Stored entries
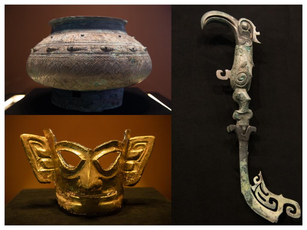 拼版照片:左上圖為青銅瓿,左下圖為黃金面具,右圖為青銅樹(shù)枝。新華社記者唐文豪 攝
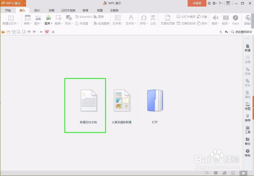 首先打开ppt软件,这里是wps的版本,然后点击新建空白文档,如图所示:
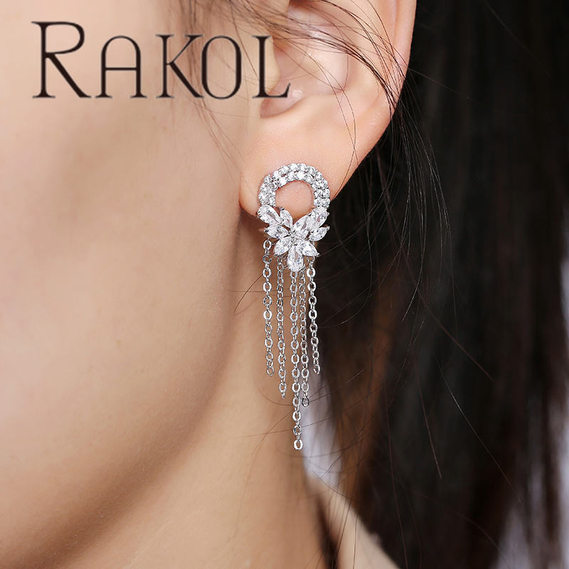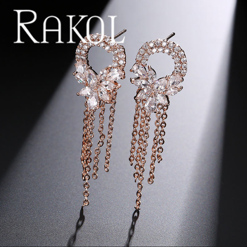 RAKOL EP550 Stud Water Drop Gold Plated Flower Earrings Women Luxury Jewelry
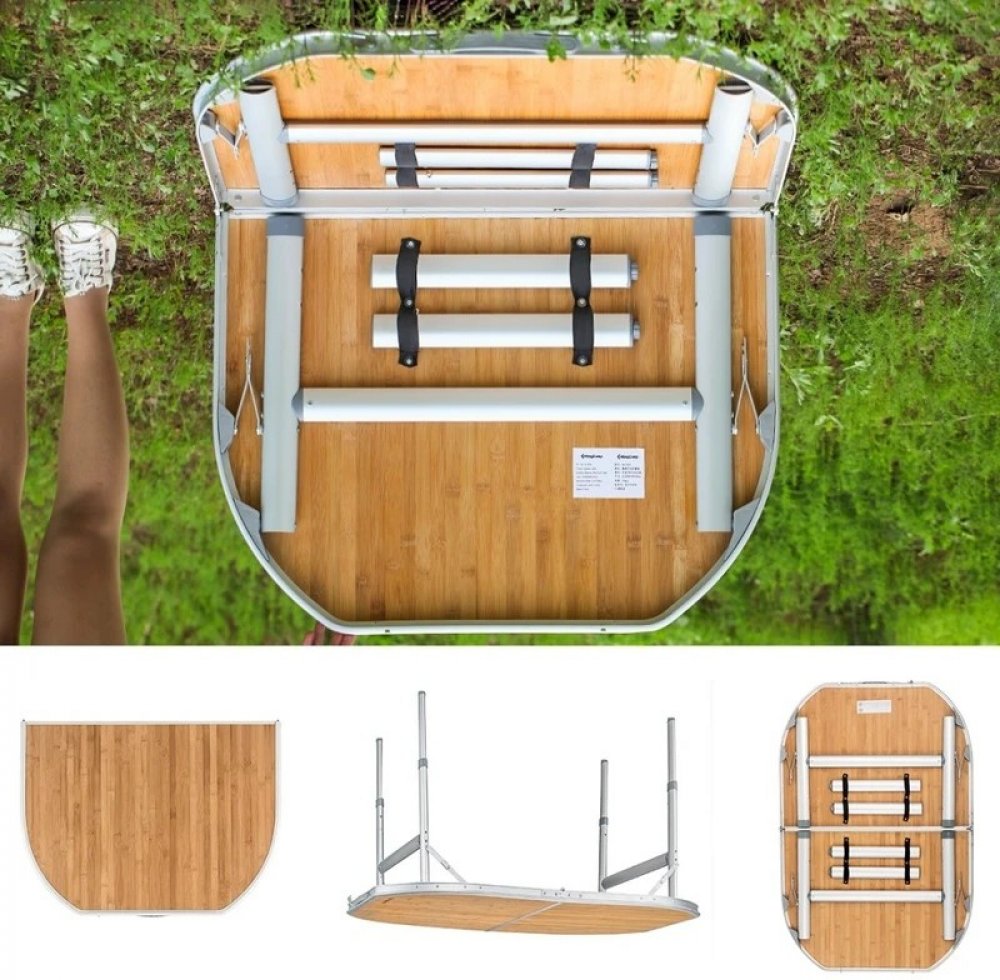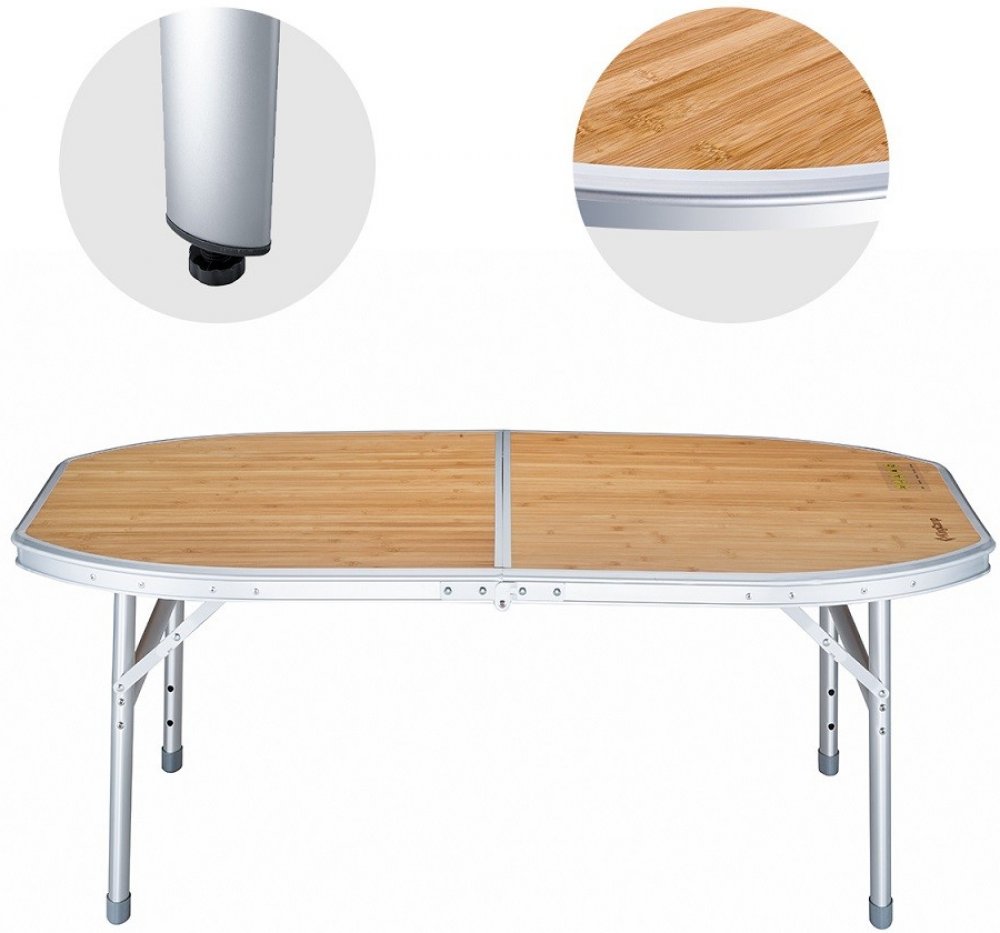 Skládací kempingový stůl KING CAMP s bambusovou vrchní deskou o rozměrech 120 x 80 cm skládací kempingový stůl hliníkový rozměry stolu 120 x 80 cm nastavitelná výška stolu nad zemí 68 a 46 cm materiál konstrukce hliník hmotnost 9,2 kg nosnost 80 kg rozměry pro uskladnění: 81 x 64 x 9 cm ochranný obal součástí balení
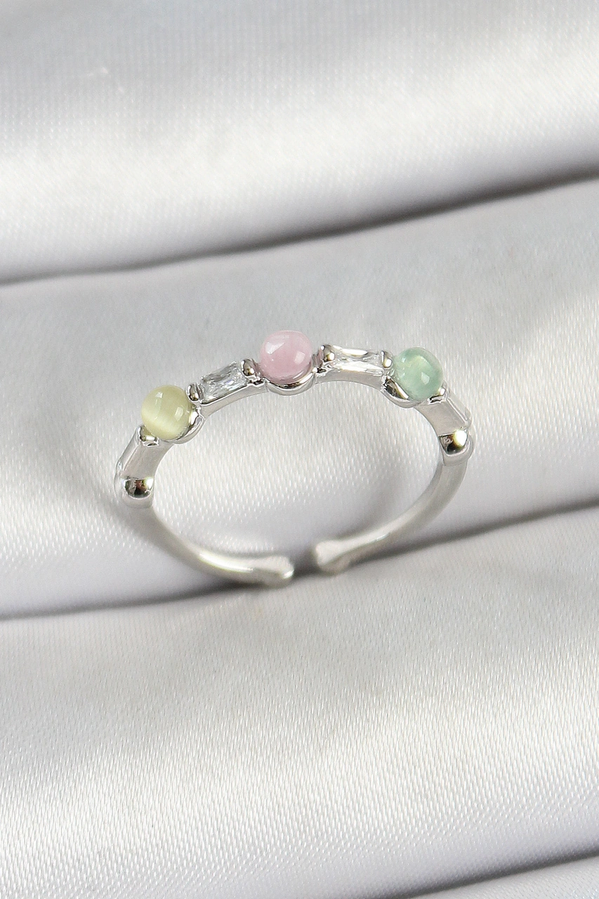 Nova Bazaar Pirinç Sıralı Boncuk Figürlü Zirkon Taşlı Gümüş Renk Ayarlanabilir Kadın Yüzük Çok Renkli
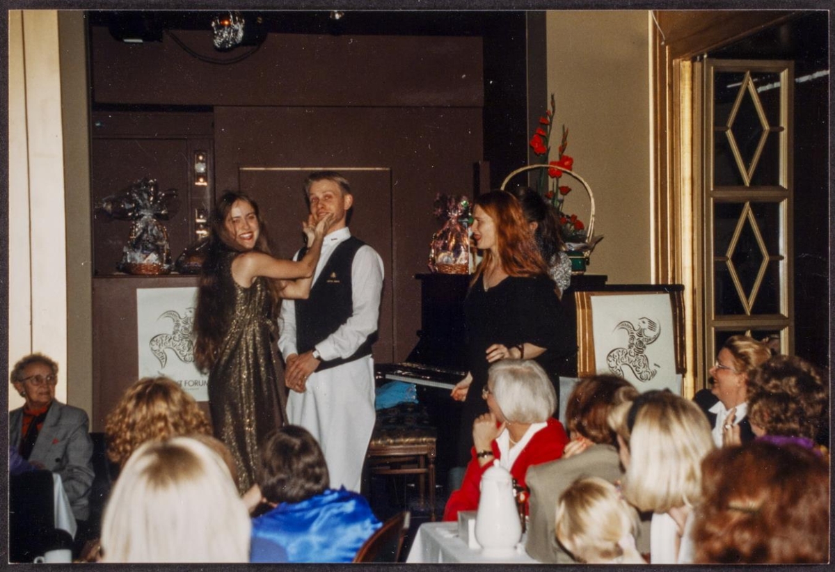 Nordisk Forum 1994. Kynningafundur Hótel Borg, 24. okt. 1993. Fólk situr á fundi. Karlmaður og kona með skemmtiatriði.
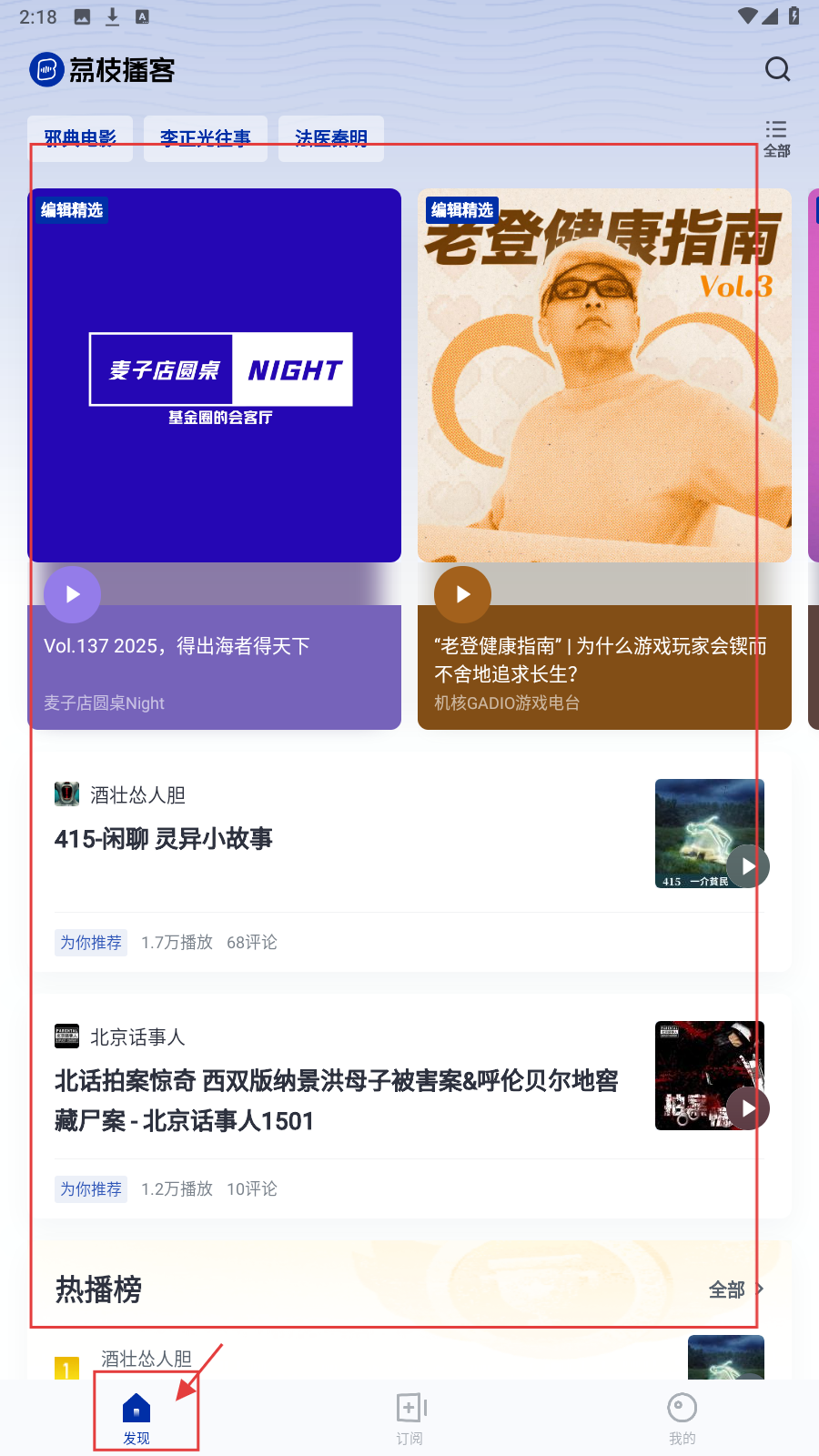 1、打开荔枝播客应用,进入【发现】页,点击感兴趣的播客分类标签或推荐播客封面。

■ Exercise objective
From the first line to the last, copy the records above exactly and drop any pictures.

■ Task result
 拼版照片:左上圖為青銅瓿,左下圖為黃金面具,右圖為青銅樹(shù)枝。新華社記者唐文豪 攝
 首先打开ppt软件,这里是wps的版本,然后点击新建空白文档,如图所示:
 RAKOL EP550 Stud Water Drop Gold Plated Flower Earrings Women Luxury Jewelry
 Skládací kempingový stůl KING CAMP s bambusovou vrchní deskou o rozměrech 120 x 80 cm skládací kempingový stůl hliníkový rozměry stolu 120 x 80 cm nastavitelná výška stolu nad zemí 68 a 46 cm materiál konstrukce hliník hmotnost 9,2 kg nosnost 80 kg rozměry pro uskladnění: 81 x 64 x 9 cm ochranný obal součástí balení
 Nova Bazaar Pirinç Sıralı Boncuk Figürlü Zirkon Taşlı Gümüş Renk Ayarlanabilir Kadın Yüzük Çok Renkli
 Nordisk Forum 1994. Kynningafundur Hótel Borg, 24. okt. 1993. Fólk situr á fundi. Karlmaður og kona með skemmtiatriði.
 1、打开荔枝播客应用,进入【发现】页,点击感兴趣的播客分类标签或推荐播客封面。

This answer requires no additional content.